I don’t know whether I’d prefer a quick falling-out to such a long one, though.
When you live right next door to the friend you just fell out with, you kind of have no choice but to put things aside at some point. You’ve got to talk to each other about something, whether it be who’s showering first tonight or do you have the salt or what are your thoughts on putting up a poster in the common area? That makes it easier to clear the air. No matter how sad or angry or frustrated I might get with S and P, I know where I stand with each of them. We’re on friendly terms, and we talk fairly regularly about benign things like physics and research and books. There’s not a ton of uncertainty about it anymore, and I honestly wish I could say the same about A.

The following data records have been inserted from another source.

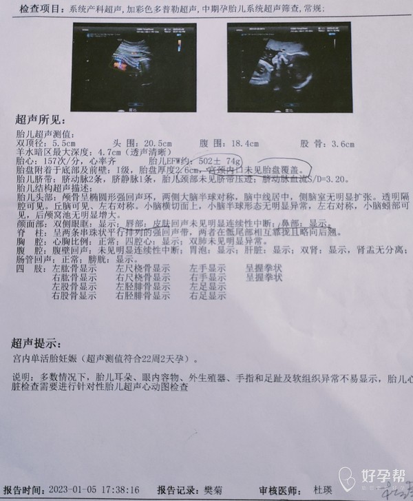 胎盘位置正常,不覆盖宫颈口,排除胎盘位置低的问题了。放松心情,加强营养,定期孕检。祝你好孕!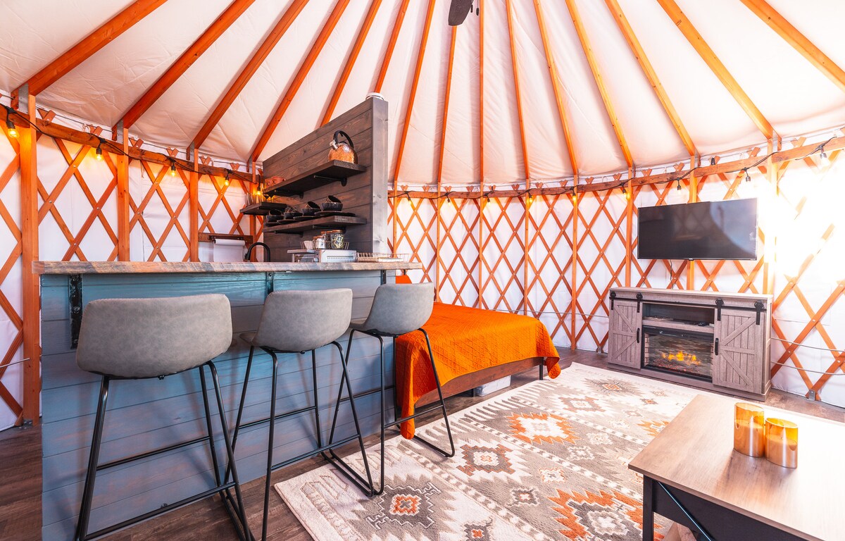 Glamping que admite mascotas en 1 de 2 yurtas privadas junto al Bosque Nacional Mark Twain, ¡es el lugar perfecto para escapar! Relájate con todos los sonidos de la naturaleza que te ofrece el Bosque Nacional Mark Twain. ¡Disfruta de las impresionantes vistas de 360° y del entorno tranquilo desde la cubierta envolvente de 30'X30'! Pasa tus días haciendo senderismo, kayak y todas las cosas que ofrece la zona y tus noches alrededor de la fogata, contemplando la puesta de sol y las estrellas. Si te gusta acampar y disfrutar de comodidades modernas, te encantará este lugar.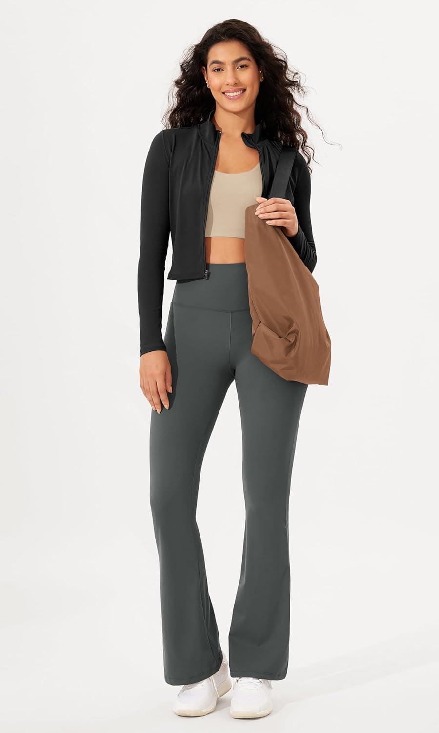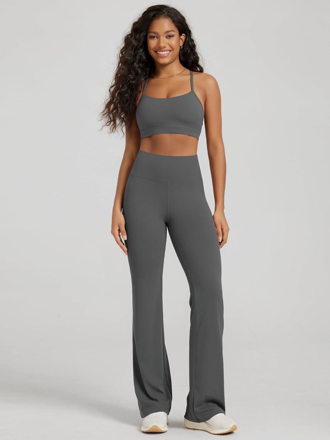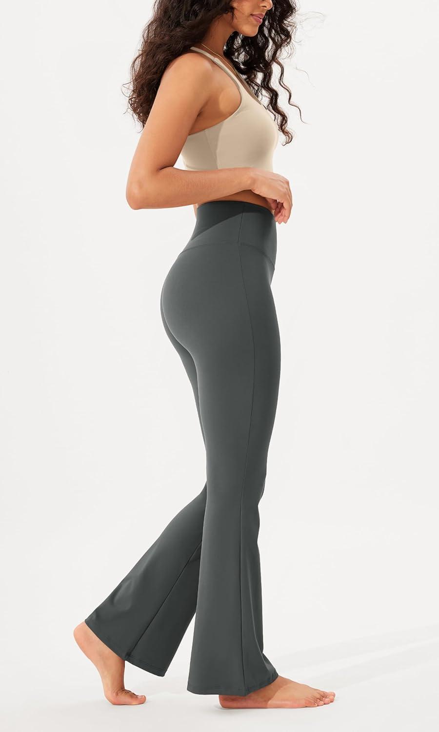 ODODOS Women’s High Waist Flared Yoga Pants 2.0 Tummy Control Gym Workout Bootcut Leggings with Inner Pocket -29″ /31″ Inseam(Charcoal)

The uncertainty is the worst. I don’t know why she did it. One day we were talking and the next we weren’t. Just like that. I suddenly have no way of contacting her–and I’ve tried, believe me. I’ve texted her and emailed her and messaged her. I haven’t heard from her in months. About this time next month, I won’t have heard from her at all in a year.
I try to tell myself I didn’t do anything wrong. She was going through a lot at the time, and maybe it just got to be too much. Maybe she just withdrew–I know I’ve done that before. But the thought that maybe I did do something wrong just starts leaching in sometimes. Was I too clingy? Too needy? Too sad? Too unsympathetic? Did I say the wrong thing? Did I ask the wrong question?

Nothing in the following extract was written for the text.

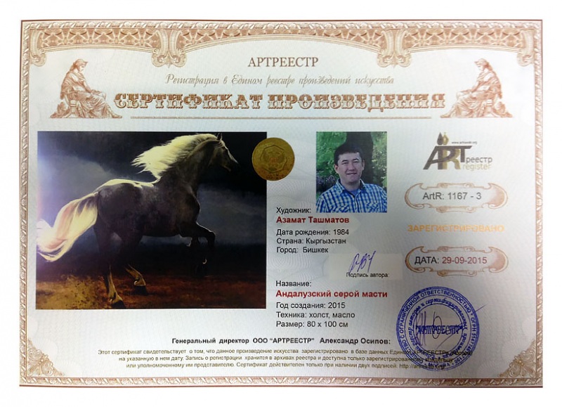 Online система регистрации арт-объектов artreestr / Сертификаты произведений членов «АРТ реестра» / Ташматов Азамат Абдухалимович / Андалузский серой масти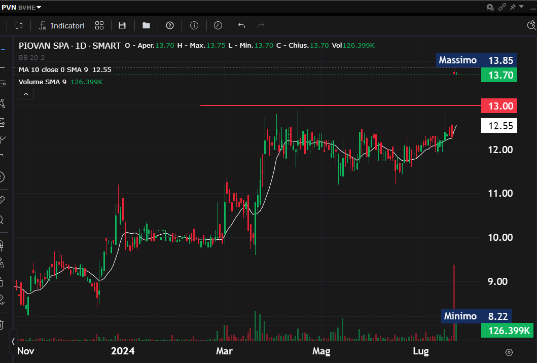 Versante azionario italiano che vede la rottura in break out da parte di Piovan

On nights like this, when I get into arguments with my family, that uncertainty comes back. Except it’s not a question. I always say the wrong thing; everything I do pushes people away. There’s something wrong with my tone of voice, with my expression, with the words that happen to pop into my head as I respond. Everything I do is just wrong, and I can’t do anything about it. And once those thoughts start going they don’t stop. Sometimes I start pushing people away because I think I have to, because I can’t do anything else. Sometimes people just walk away themselves. Either way, when stuff like this happens I’m left right where I always seem to be when I’m at my worst: completely alone and overwhelmingly lonely. And that just keeps the cycle going.
I’m introverted. I like being alone. I’m alone most of the day now, and I love it. It gives me the time and the space to read aloud, with the voices, because that’s what I like to do when I’m alone. And it’s funny, because whenever I get in a weird mood and start Googling for advice, it’s always something like “learn to be happy on your own,” or “get used to being alone.” I’m already used to it. It already makes me happy. It’s been making me happy since I was little, just like large groups of people have been making me miserable since I was little.

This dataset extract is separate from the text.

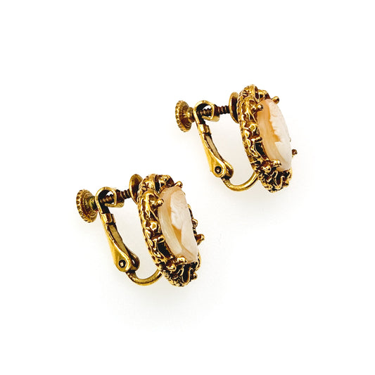 Vintage 1930s Hand Carved Female Figure Pink Shell Cameo Screw Back Clip On Non Pierced Earrings

But being used to or happy being on your own isn’t the same as not being lonely. It’s not the same as wanting to be with a close friend. There are days when I’m perfectly happy having no human contact whatsoever, but those aren’t the bad days. Those aren’t the days when the uncertainty gets so overwhelming I can barely think. The bad days are when I have to tell myself that I don’t need other people, that I’m better off without friends, even when I know that it’s a lie. I need people. Not all the people, but somebody. It’s so hard when your best friend doesn’t live close enough to walk over when you’re having a low day, especially when you can’t trust yourself to talk. I don’t want to talk, I just want to be near somebody, and that can’t happen when neither of us can easily get to the other.
This probably isn’t going to make me feel better. It probably doesn’t even make much sense. But it’s part of my homework, so it has to be done at some point. I’m gonna go read now. I’m just gonna go and slip into someone else’s head because right now I can’t keep writing. And I’m going to post this now, before I decide it’s stupid and erase it all.